Problem to solve:
Given these entries, repeat exactly the lines starting with the one that has "ชาสมุนไพรออร์แกนิกสำหรับฟื้นฟูหลังคลอด OEM ผสมอัชวากันธา" and going on through the one that has "a soft cover.", both included, but none of the pictures.

Data for processing:
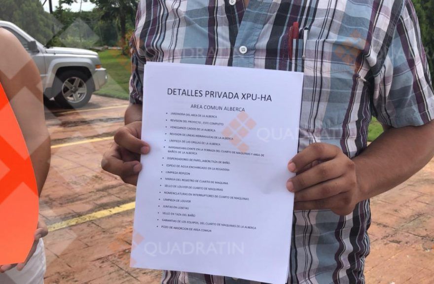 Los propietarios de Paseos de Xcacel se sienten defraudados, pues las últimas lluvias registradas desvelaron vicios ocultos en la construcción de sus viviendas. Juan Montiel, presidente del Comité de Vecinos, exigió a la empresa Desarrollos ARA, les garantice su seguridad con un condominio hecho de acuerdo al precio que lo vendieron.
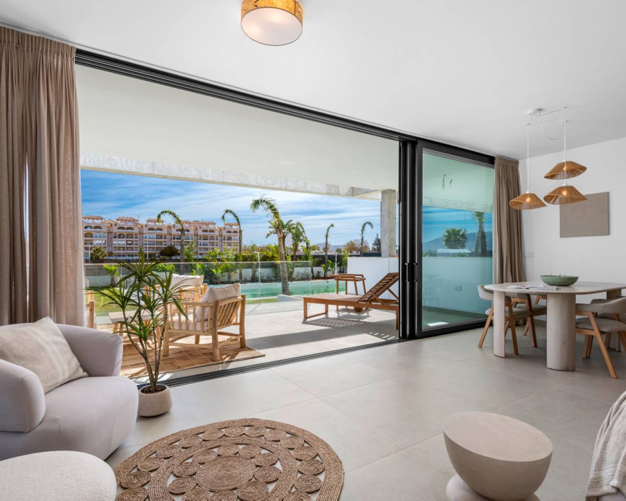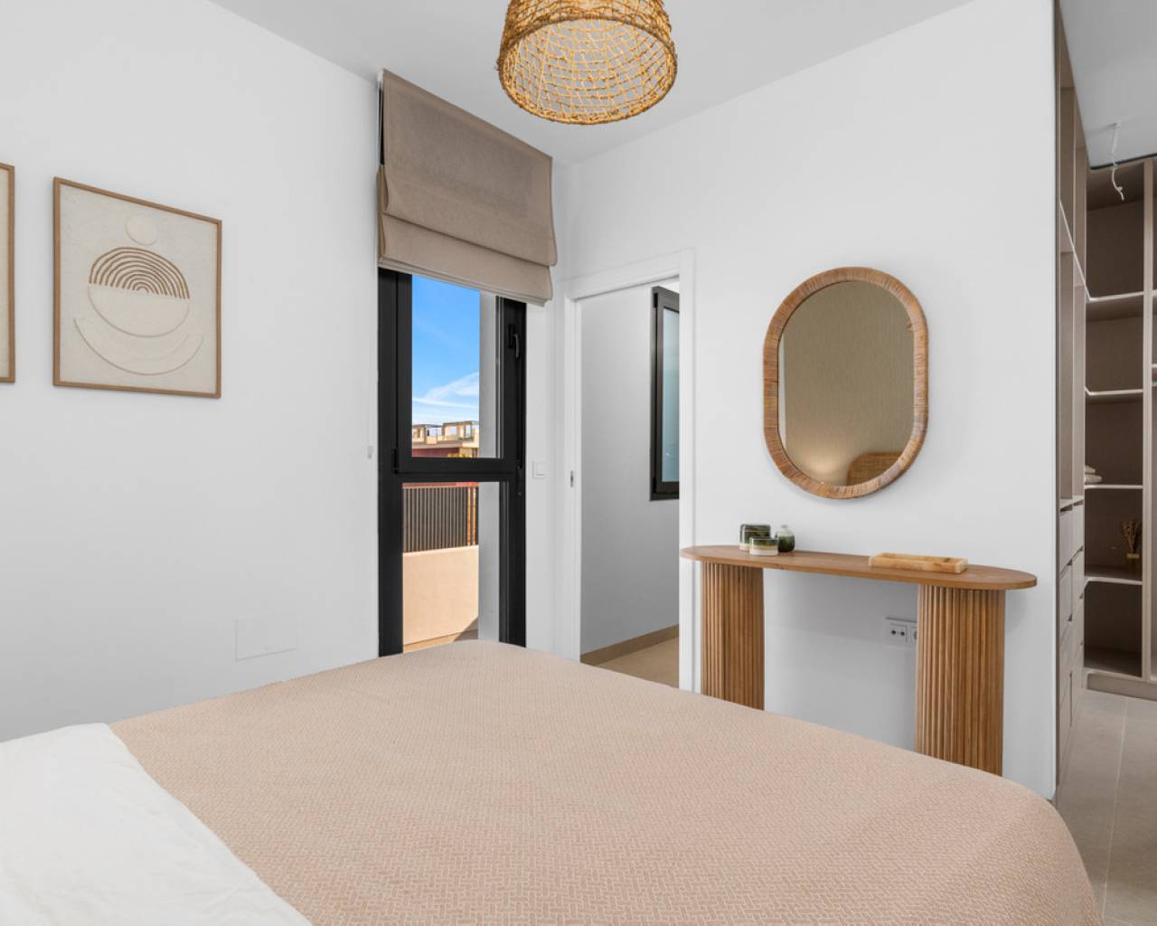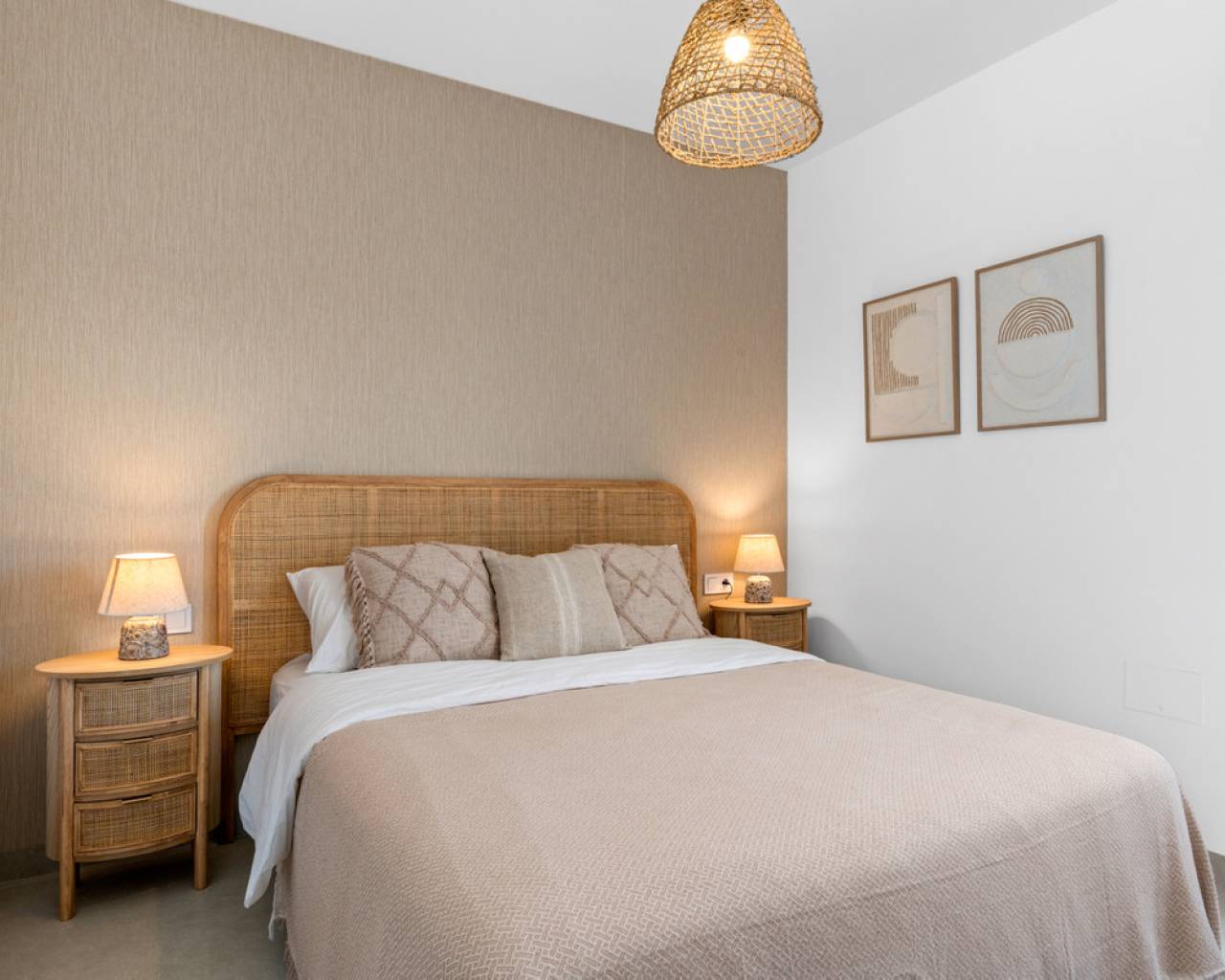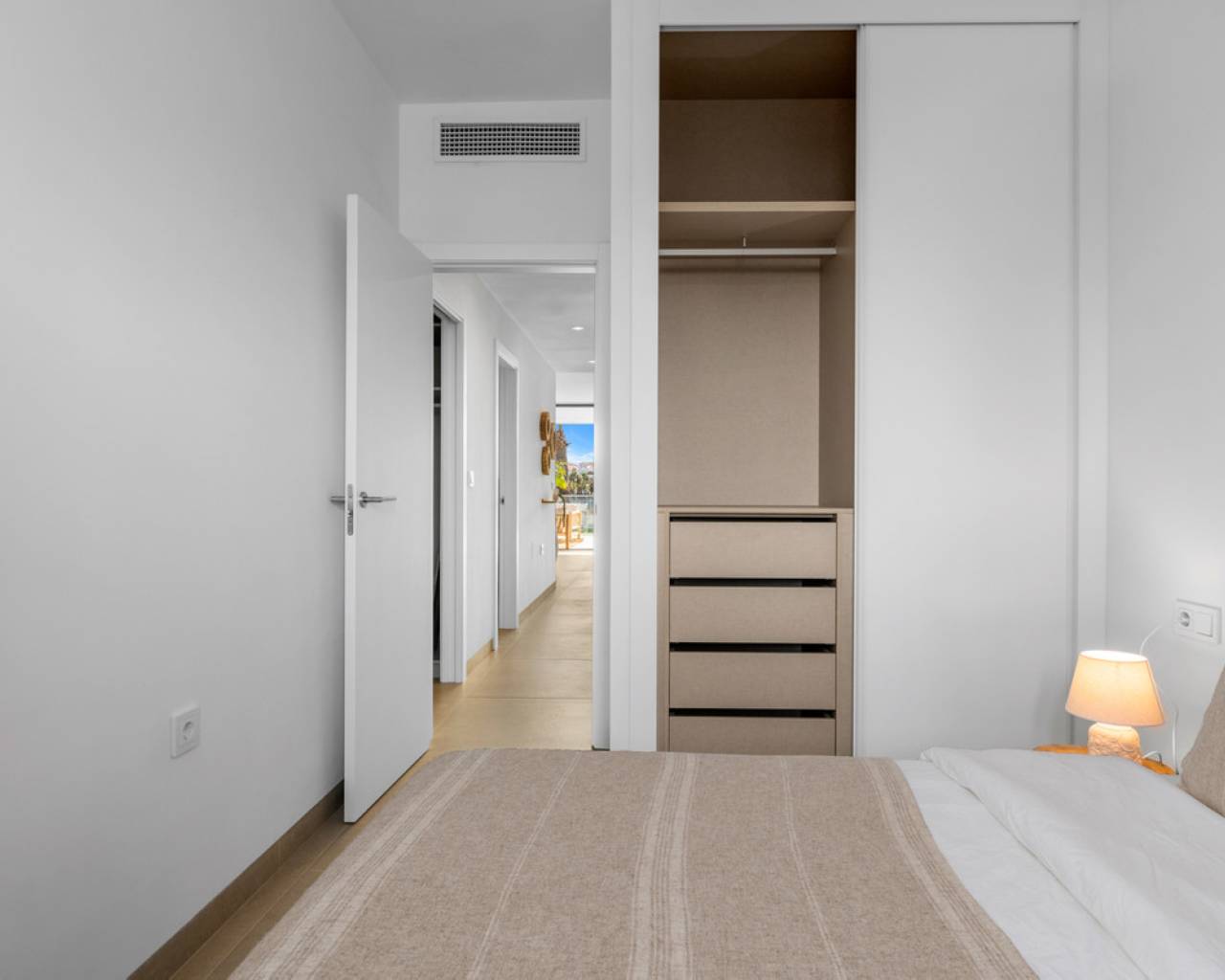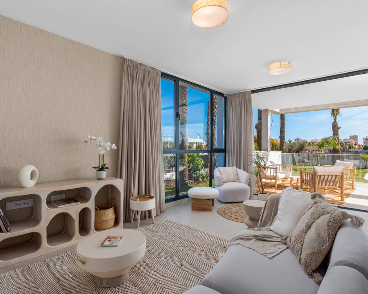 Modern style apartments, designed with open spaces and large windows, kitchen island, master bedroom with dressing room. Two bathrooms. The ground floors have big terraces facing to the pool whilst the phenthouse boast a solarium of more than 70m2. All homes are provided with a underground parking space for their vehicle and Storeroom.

--

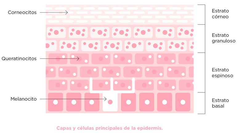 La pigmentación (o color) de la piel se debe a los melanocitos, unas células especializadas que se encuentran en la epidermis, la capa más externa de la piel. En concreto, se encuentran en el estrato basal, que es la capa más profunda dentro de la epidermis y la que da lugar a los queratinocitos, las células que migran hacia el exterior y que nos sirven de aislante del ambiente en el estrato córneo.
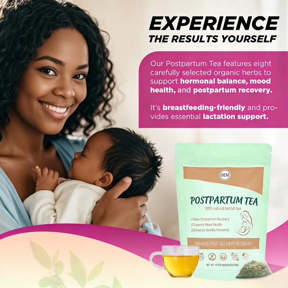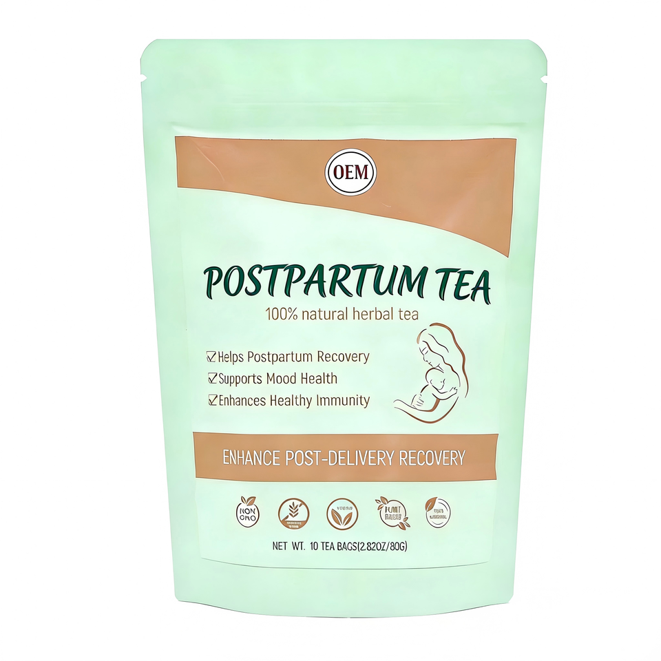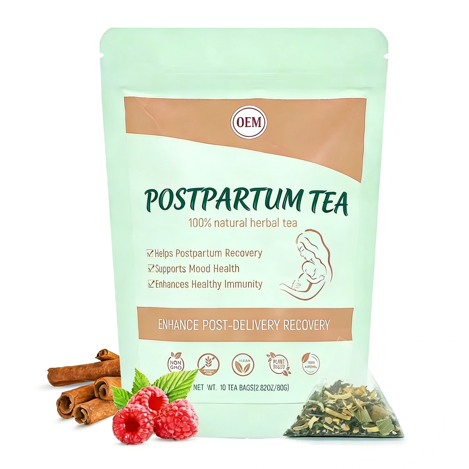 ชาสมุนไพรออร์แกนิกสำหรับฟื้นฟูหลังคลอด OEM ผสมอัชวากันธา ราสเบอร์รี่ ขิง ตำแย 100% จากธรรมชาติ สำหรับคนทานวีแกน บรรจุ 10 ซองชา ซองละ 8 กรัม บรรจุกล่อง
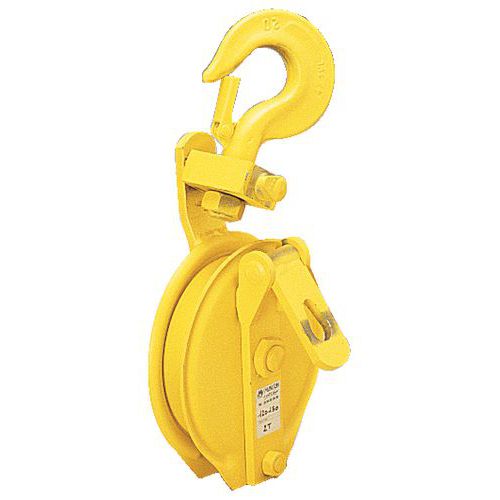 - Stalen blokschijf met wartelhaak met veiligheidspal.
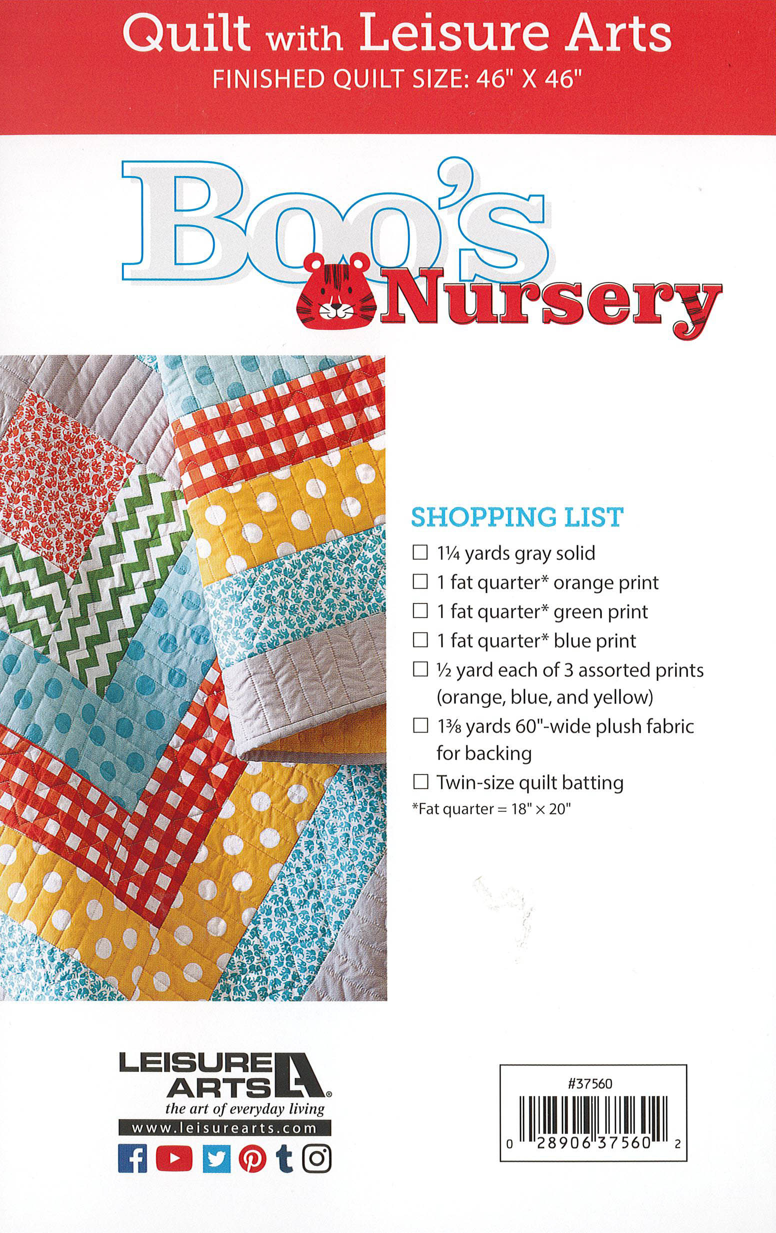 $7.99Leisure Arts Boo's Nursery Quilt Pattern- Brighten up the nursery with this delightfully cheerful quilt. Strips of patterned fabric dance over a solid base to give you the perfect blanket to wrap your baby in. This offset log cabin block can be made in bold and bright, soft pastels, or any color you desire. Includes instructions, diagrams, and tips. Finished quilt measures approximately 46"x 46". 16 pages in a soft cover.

* * *

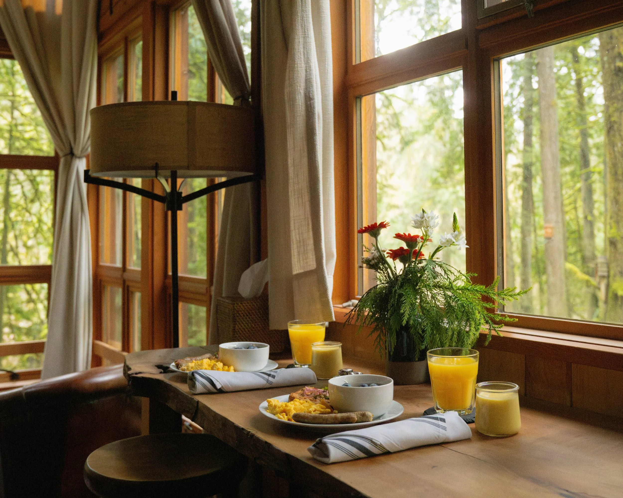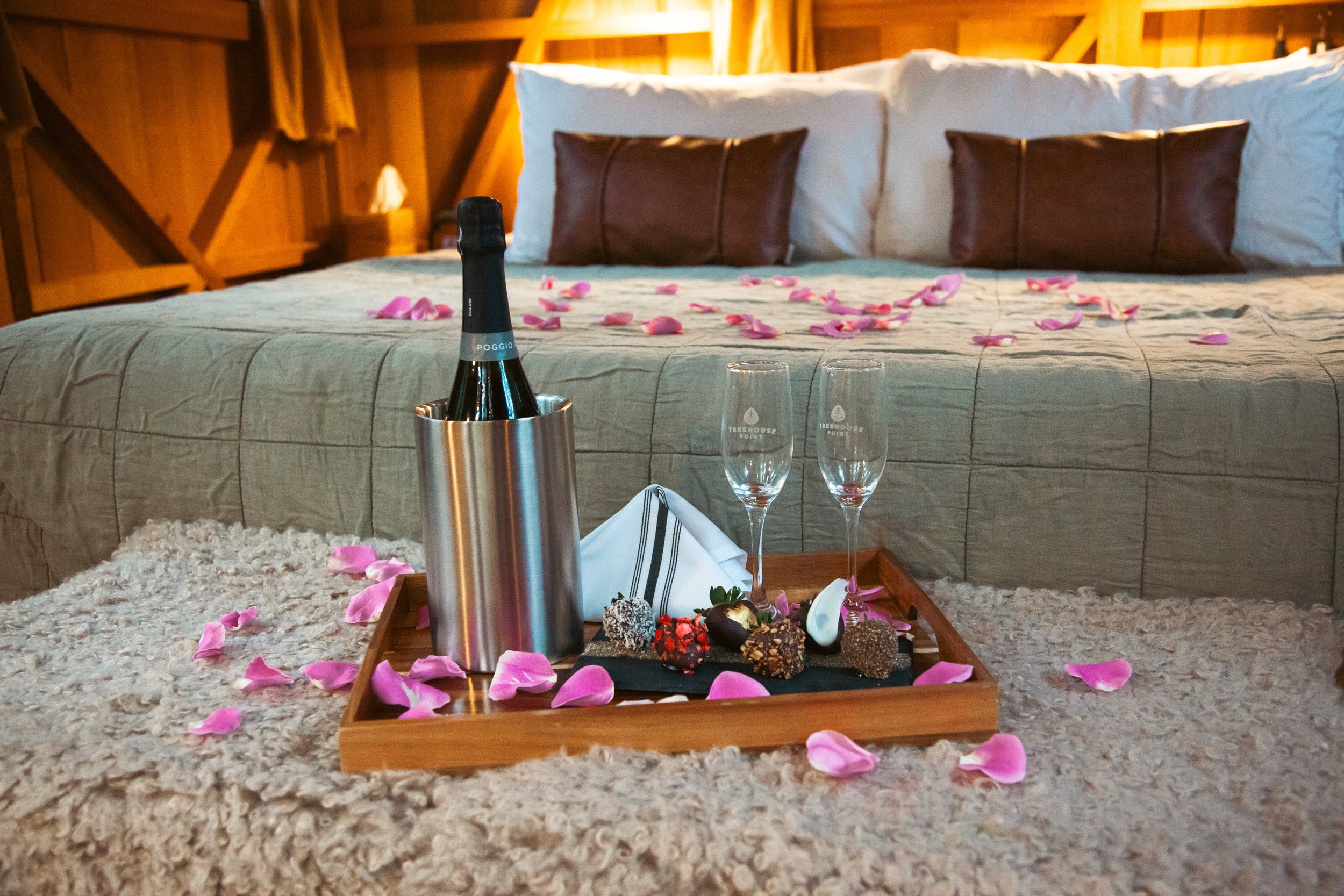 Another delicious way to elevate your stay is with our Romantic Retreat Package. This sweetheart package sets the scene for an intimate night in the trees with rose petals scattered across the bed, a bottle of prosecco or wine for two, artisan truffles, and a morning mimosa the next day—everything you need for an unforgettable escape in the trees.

Response area:
 ชาสมุนไพรออร์แกนิกสำหรับฟื้นฟูหลังคลอด OEM ผสมอัชวากันธา ราสเบอร์รี่ ขิง ตำแย 100% จากธรรมชาติ สำหรับคนทานวีแกน บรรจุ 10 ซองชา ซองละ 8 กรัม บรรจุกล่อง
 - Stalen blokschijf met wartelhaak met veiligheidspal.
 $7.99Leisure Arts Boo's Nursery Quilt Pattern- Brighten up the nursery with this delightfully cheerful quilt. Strips of patterned fabric dance over a solid base to give you the perfect blanket to wrap your baby in. This offset log cabin block can be made in bold and bright, soft pastels, or any color you desire. Includes instructions, diagrams, and tips. Finished quilt measures approximately 46"x 46". 16 pages in a soft cover.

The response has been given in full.